Our local paper, the West County Times, is asking for people to comment on Bush's decision, back in 2003, to declassify certain information to justify the U.S. invasion of Iraq, apparently as a counter to Joseph Wilson's op ed piece pointing out that there was no evidence that Saddam Hussein's Iraq had been engaging in the sort of nuclear hanky-panky that the administration had claimed as such justification.
Given that the current administration has carried secrecy in government back up to the limits of paranoia, it would be inconsistent (shall I say hypocritical?) of me to condemn Bush for declassifying anything. Let us therefore praise the man for this act of openness, perhaps with a few faint damns.
Or shall we damn with faint praise? It seems that Bush declassified only that material which would support his decision to invade Iraq, but not that which would have counterindicated such an act. It would seem that a more courageous and praiseworthy act would have been to declassify everything.

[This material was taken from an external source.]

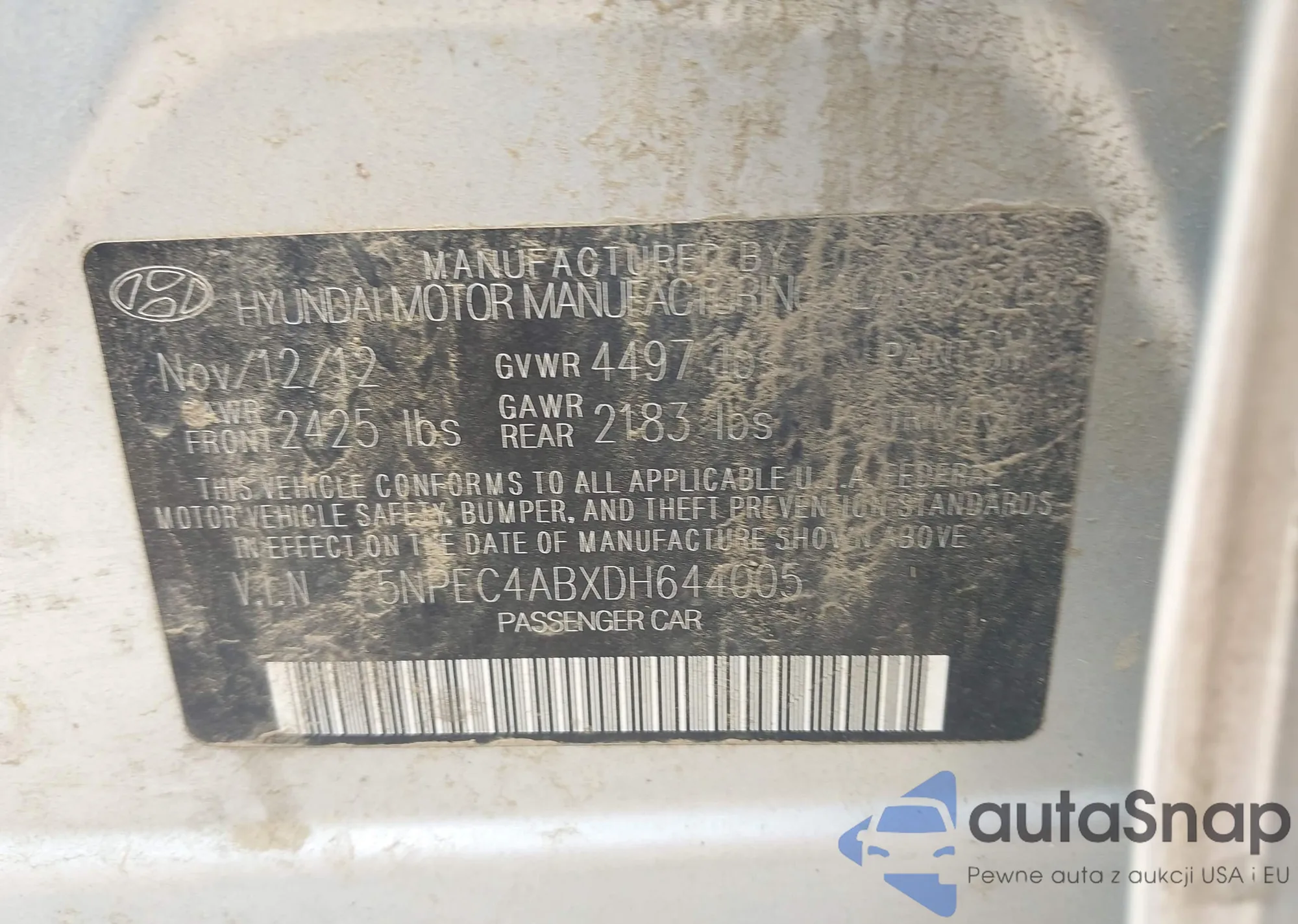 • VIN 5NPEC4ABXDH644005

But maybe, you may protest, there was no evidence, at the time, to suggest that Iraq was not engaged in a nuclear buildup, in the development of biological weapons, in the readying of stocks of poison gas. Well, after the invasion we discovered that there was no nuclear program in Iraq, that there were no mobile bioweapons labs, that Iraq's sometime stocks of poison gas had been relegated to history. If we couldn't figure that out before the invasion – and look, guys, they weren't keeping this a deep, dark secret, but shouting it to the world! – then our intelligence services are in deep doo-doo, and we may as well surrender to the first micronation that comes along. But personally I don't believe that the CIA is that thoroughly incompetent, and if I'm correct in this then the president had to have had all the information he needed not to go to war. So what we end up with was a politically-motivated selective declassification of material, aimed at making a political point. And so I will not praise with faint damns, but damn with faint praise.